Add'l CDC consultants justified
CLARK FIELD, Pampanga - Clark Development Corp. (CDC) president Sergio Naguiat justified his hiring of additional consultants even as the state-run firm is projected to have a P62.8-million budget deficit this year.
CDC consultants now number at least 54, their monthly pay totaling some P1.2 million.
"Those whom I hired are all working consultants," Naguiat said, reacting to local newspaper reports lambasting him for allegedly violating Administrative Order 100 freezing the hiring of personnel by government offices and government-owned and controlled corporations (GOCCs).
CDC consultants receive monthly salaries ranging from P15,000 to P120,000. The highest paid include a consulting firm for the proposed Clark-Subic road, which gets P120,000 a month, and Stephen Lim, whom Naguiat described as the "No. 3 man" in the CDC, who receives P68,000 monthly.
But Naguiat blamed his predecessors for the big number of consultants. He claimed that only 40 percent of the consultants were hired during his term, while the rest were hired by either former CDC president Rufo Colayco or Romeo David.

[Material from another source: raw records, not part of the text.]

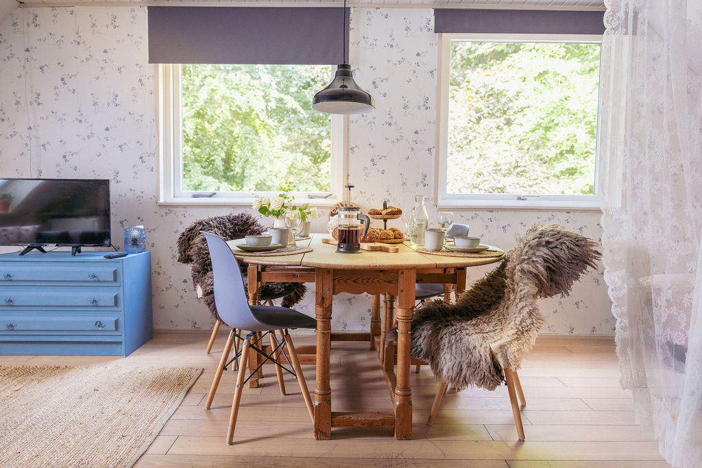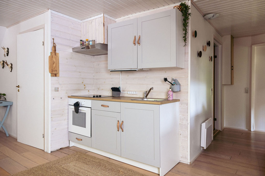 Den rummelige og lyse køkken-stue er fuldt udstyret og har to komfortable sofaer, et fjernsyn og et hyggeligt spisebord med stole – perfekt til at slappe af sammen eller nyde et måltid.
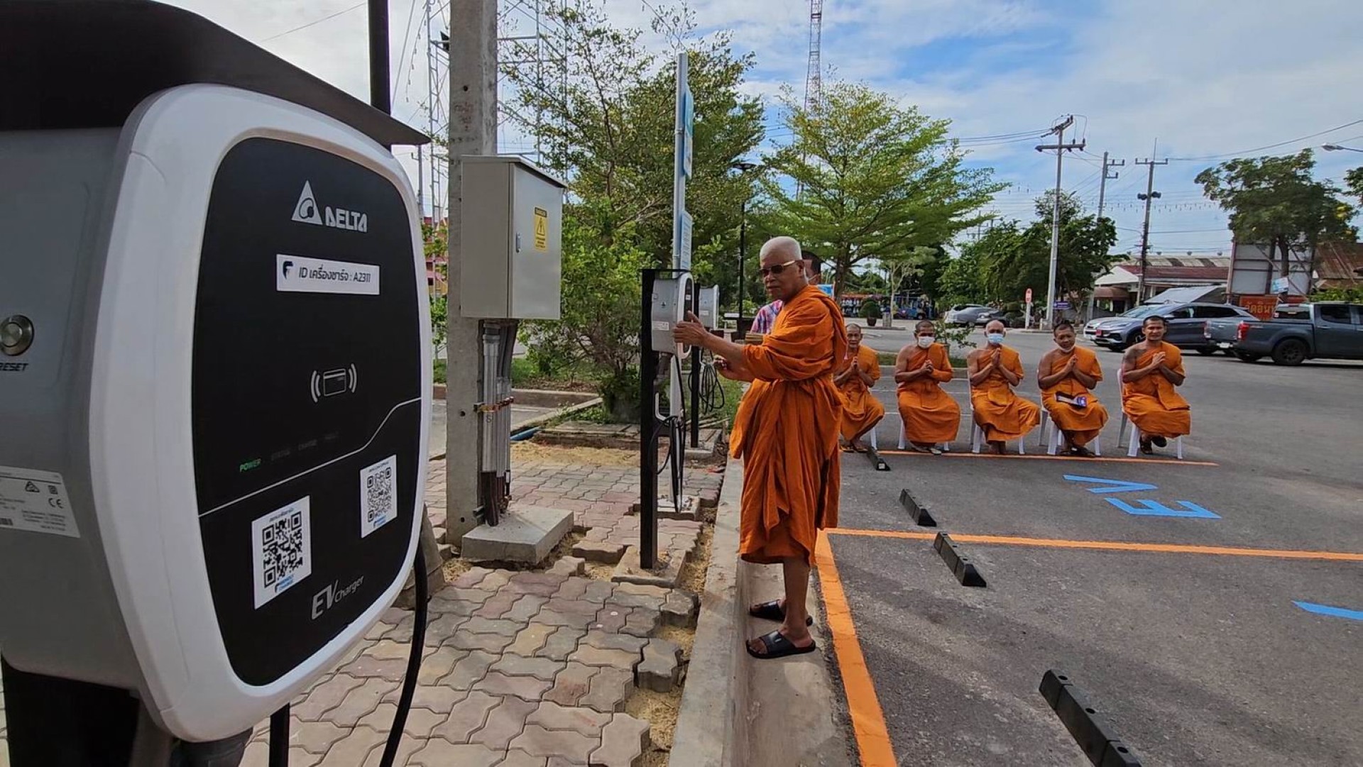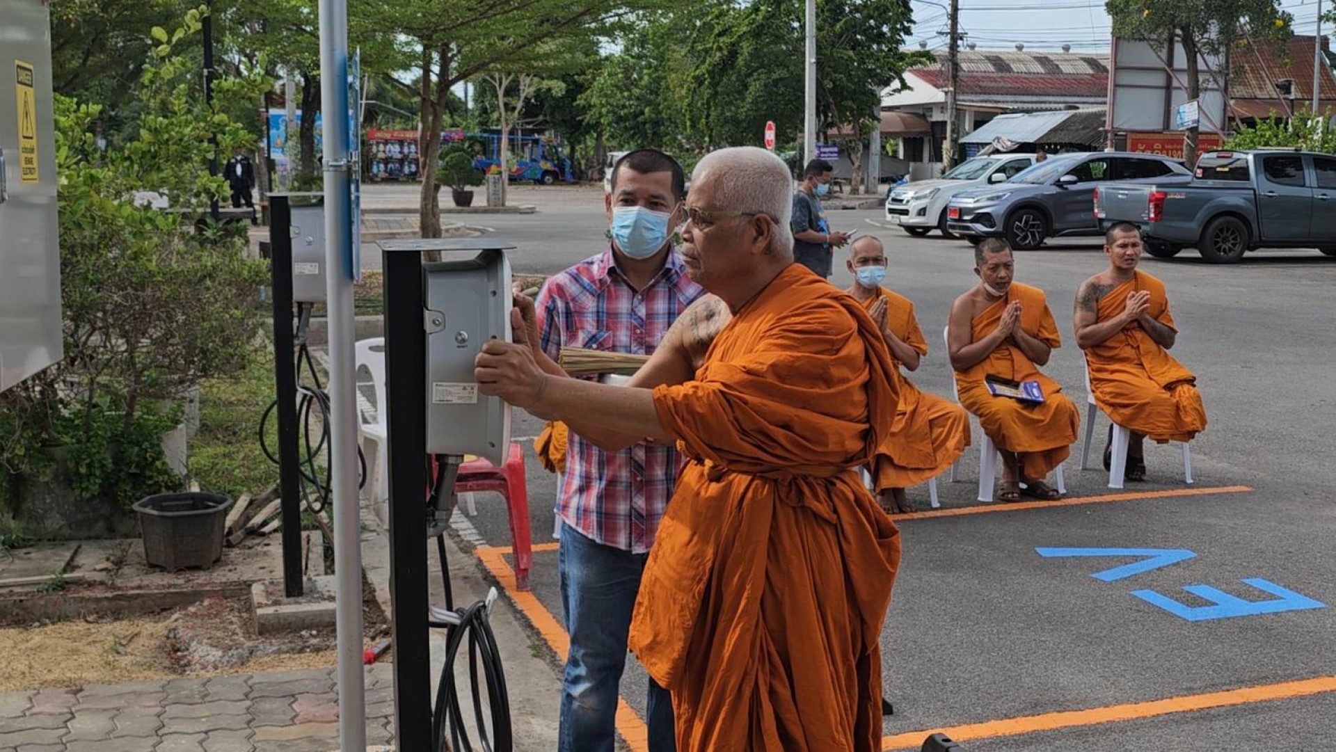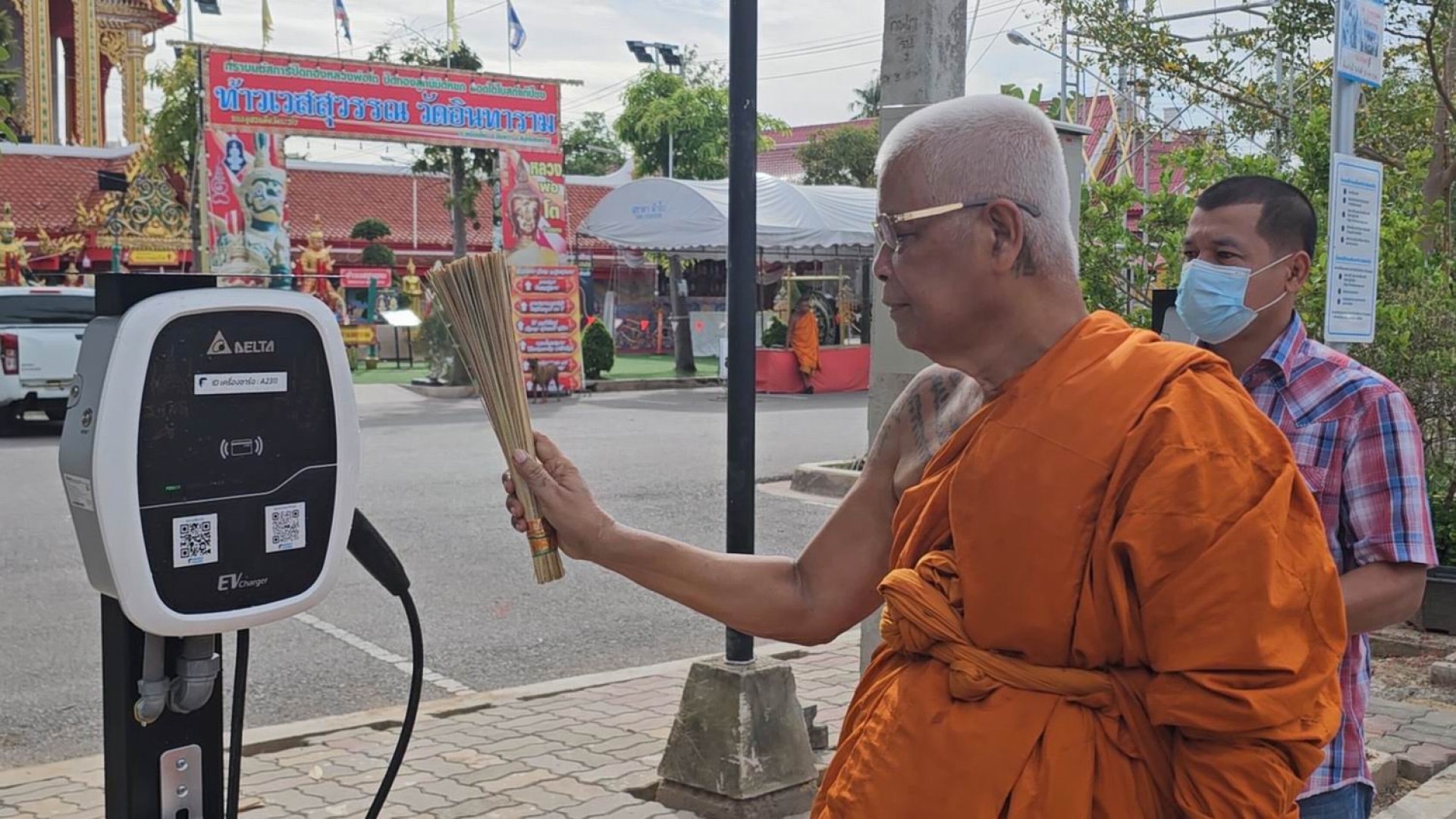 ที่วัดอินทาราม ตำบลเหมืองใหม่ อำเภออัมพวา จังหวัดสมุทรสงคราม พระครูพิศิษฏ์ประชานาถ หรือ ดร.หลวงพ่อแดง นันทิโย รองเจ้าคณะอำเภออัมพวา เจ้าอาวาสวัดอินทาราม ต.เหมืองใหม่ อ.อัมพวา จ.สมุทรสงคราม ที่ปรึกษาคณบดีคณะสังคมศาสตร์ มหาจุฬาลงกรณ์ราชวิทยาลัย เป็นประธานเจิม และพรมน้ำมนต์ สถานีชาร์จรถไฟฟ้าภายในวัดแห่งแรกและแห่งเดียวในไทย โดยมีพระสงฆ์ 5 รูป เจริญพระพุทธมนต์ เพื่อความเป็นสิริมงคล
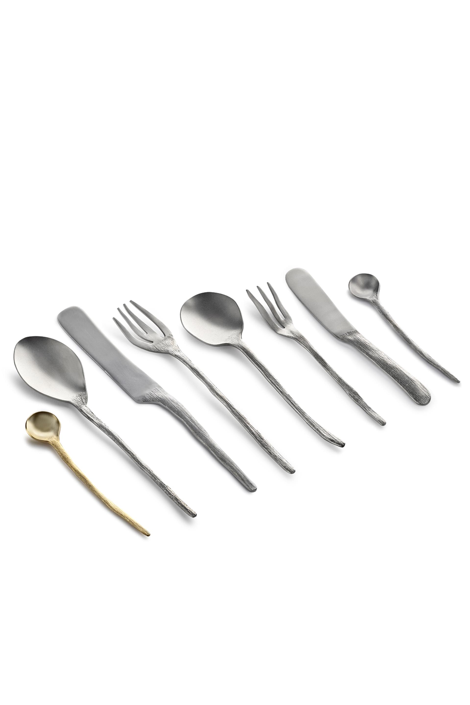 Like all her other creations, Roos Van de Velde’s ultra-light Flora Vulgaris collection for Serax has that unmissable link with Nature. The name alludes to the rather 'wild' and intuitive way in which the cutlery was given shape. Forks like branched twigs, spoons featuring endless leaf shapes and knives looking like shells. The colours, the material, the design, and the interplay of lines are a natural addition to the Perfect Imperfection collection as you can see with the Dessert Spoon Flora Vulgaris.

Records, however, showed that Naguiat has hired no less than 30 of the 54 consultants since he assumed his post last February.
Naguiat said some of the consultants he hired were recommendees of former Pampanga governor Estelito Mendoza. At least two were recommended by Malacañang.
Lawyer Maliz Aragon of the Civil Service Commission (CSC) told The STAR that the AO 100 freezing the hiring of personnel in government offices and GOCCs was issued last December and took effect last January. But there were exemptions to the ban.
Diosdado Mendoza, newly appointed CDC board member, said Naguiat has the prerogative to appoint new consultants despite the hiring ban.
He said that at least one consultant, Lim, was appointed by President Estrada himself.
Mendoza, however, said he was not sure whether the hiring of the other consultants was covered by the administrative order.
When he took over the CDC, Naguiat said the state-run firm is expected to incur a budget deficit of P62.8 million this year. The Bases Conversion Development Authority (BCDA) junked CDC's proposal for a P280-million allocation from the sale of military baselands in Metro Manila, and gave the CDC only a P50-million budget for this year.